Перерыв в нашей речной, плавучей жизни. А теперь я особенно привязан к Ангаре. Даже ненадолго трудно от нее оторваться.
Что поделаешь. Спи, наша лодка, на мокром песке, стой потихоньку, мотор, в шалаше у сторожа нефтебазы, ждите возвращения...
Аэродром на лугу возле реки. По нему разбрелись разморенные полднем телята. Дремотно круглятся облака. Высоко запрокинуто небо. Мы ждем самолета. Долго, лениво и равнодушно. Сушим портянки. Дремлем. Говорим о всяких пустяках. Над головами толчется столбок мошки, липнет к лицу, мельтешит на рубахе.
После обеда не спеша пришли из деревни рабочие и начали скатывать в одно место бочки с бензином и соляркой, чтоб легче грузить в самолет.
Кончили. Один сдвинул на затылок накомарник и присмотрелся.
— Летит.
Низко над тайгой зачернелась машина — не больше комара.
— Сгоняй телят! — крикнул рабочий пастуху.
— Ладно, — ответил тот и не двинулся с места.
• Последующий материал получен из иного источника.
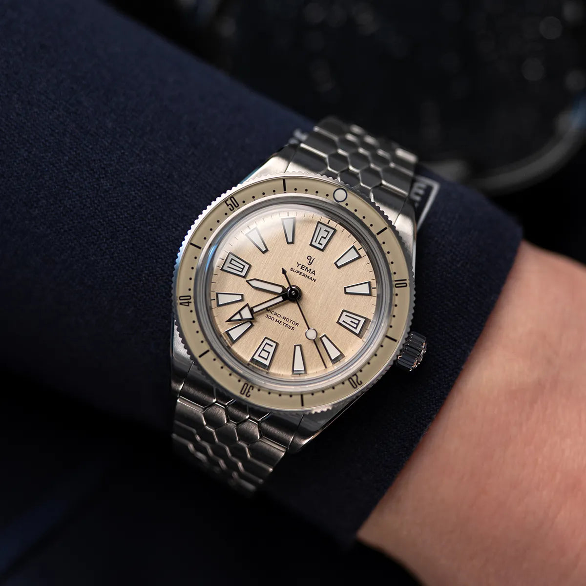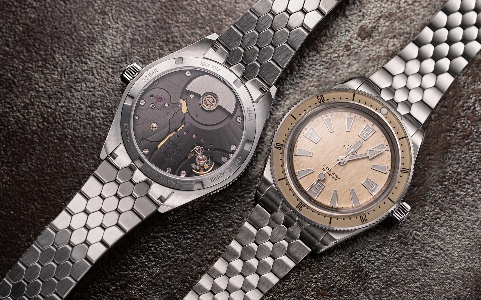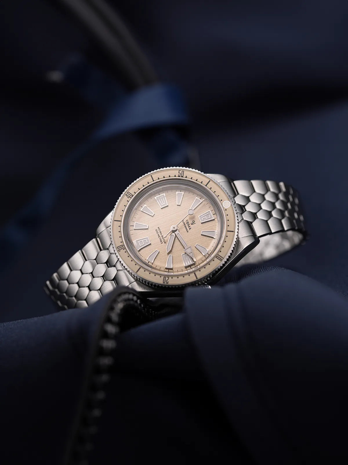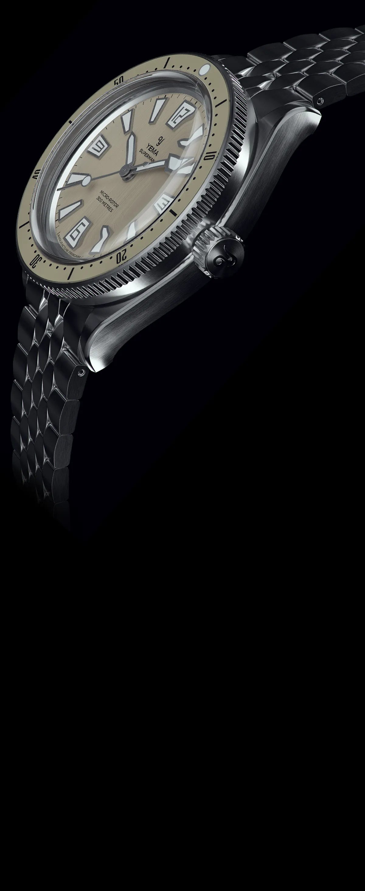 YEMA の象徴的な 1960 年代のスキン ダイバーズを現代的に解釈したこのアイテムは、手首に着けたときに見た目も感触も素晴らしく、ヴィンテージの雰囲気と独特のレトロな雰囲気を醸し出しています。スケールスリムブレスレットを装備したスキンダイバーCMM20は驚くほど快適な着け心地で、水中だけでなく日常のシーンでも違和感ないスタイリッシュさを備えています。

Двукрылая «аннушка» выскочила из-за песчаной сопки и развернулась, отпугнув телят в сторону. Рабочие по мосткам стали закатывать ей в брюхо бочки. Летчик вылез из кабины поразмяться, прикинул нас троих на вес и сказал, чтоб грузили одной бочкой меньше.
Потом «аннушка» прыгнула с крутого берега, и закачало ее, как на качелях. То поползет за окном синий плат Ангары с дрожащей змейкой солнца, то небо заливает оконце яркой голубизной.
Река уплывает назад. Ничего не остается от сопок, скал и круч. Ровно, как подстриженная трава, протянулась во все стороны тайга. Она чуть поворачивается и плавно покачивается. Вывернется иногда петля речки, сжатая каменистыми берегами, покажет песчаное дно и белую пену перекатов и растворится в голубовато-зеленой глубине. Нет ни дымка от костра, ни шалаша, ни зимовья. Лес и лес. Ровный, густой и бесконечный. Ангару теперь лишь угадываешь по синеватой гряде на горизонте. А дальше васветились желто-зеленые проемы болот. Страшно подумать, если здесь придется работать. Из самолета все кажется ненастоящим — появляется, исчезает, проходит. Только пешком пробираться, узнаешь, что это за места. Мелькнувшее внизу болото, может, и за день не осилишь. По колено да по пояс в черной жиже, в комарином кишобище, исходя по́том, будешь пролезать осокой да кустами. А спать в чехле от спальника, спасаясь от комарья, а пить — ржавчину, а клясть — свою несчастную судьбу.
Но пока-то мы в самолете. Поглядываем в окошки, посиживаем на скамейках. Пусть внизу хоть черт с рогами.